Labor
Computing for backwages of piece-rate workers can be difficult because the NLRC needs to determine the varying degrees of production and the number of days worked by each worker. This is in accordance to Article 101 of the Labor Code, which mandates the Secretary of Labor to regulate the payment of wages by results, including pakyaw, piecework and other non-time work through time and motion studies or in consultation with workers’ and employers’ organizations.
In the 2019 case of Ramiro Lim & Sons Agricultural Co., Inc. v. Guilaran (G.R. No. 221967, February 06, 2019), the Supreme Court re-affirmed the method that should be used in computing the backwages of piece-rate or pakyaw workers.

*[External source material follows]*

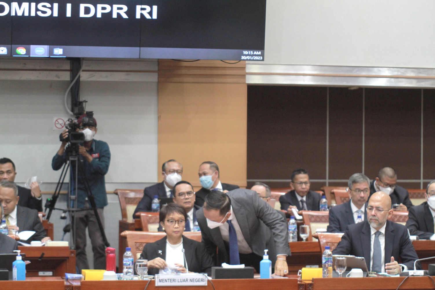 SinPo.id - Komisi I DPR menggelar Rapat Kerja (Raker) dengan Menteri Luar Negeri (Menlu) Retno Marsudi di Kompleks Parlemen, Senayan, Jakarta, Senin (30 Januari 2023). Dalam raker tersebut yang dipimpin langsung oleh Wakil Pimpinan Komisi I DPR Teuku Riefky Harsya membahas Rencana kerja dan Program Prioritas Kekuatan Indonesia di ASEAN Tahun 2023 serta Permasalahan Infrastruktur Diplomasi di Perwakilan-Perwakilan RI di Luar Negeri.

The general rule is that the amount of backwages of piece-rate workers is based on rates determined through time and motion studies performed by the DOLE or submitted by the employer to the Secretary of Labor for approval. In the absence of such studies, wage rates of piece-rate workers must be based on the applicable daily minimum wage determined by the Regional Tripartite Wages and Productivity Commission.
In this case, the employer failed to prove the agreed amount of payment for work on pakyaw basis and that the Secretary of Labor approved such rate. Further, the employer failed to prove that most of the piece-rate workers rendered service for less than one month per year. Since the employer failed to discharge its burden to show the agreed rate with the employees for work rendered for one month and as approved by the Secretary of Labor, the presumption based on jurisprudence that the season of sugar cane industries lasts for six to eight months prevailed. Unless an employer adduces by competent evidence the agreed amount of payment for work on pakyaw basis as approved by the Secretary of Labor, the amount awarded to the piece-rate workers will be based on Minimum Wage Orders and periods established under jurisprudence.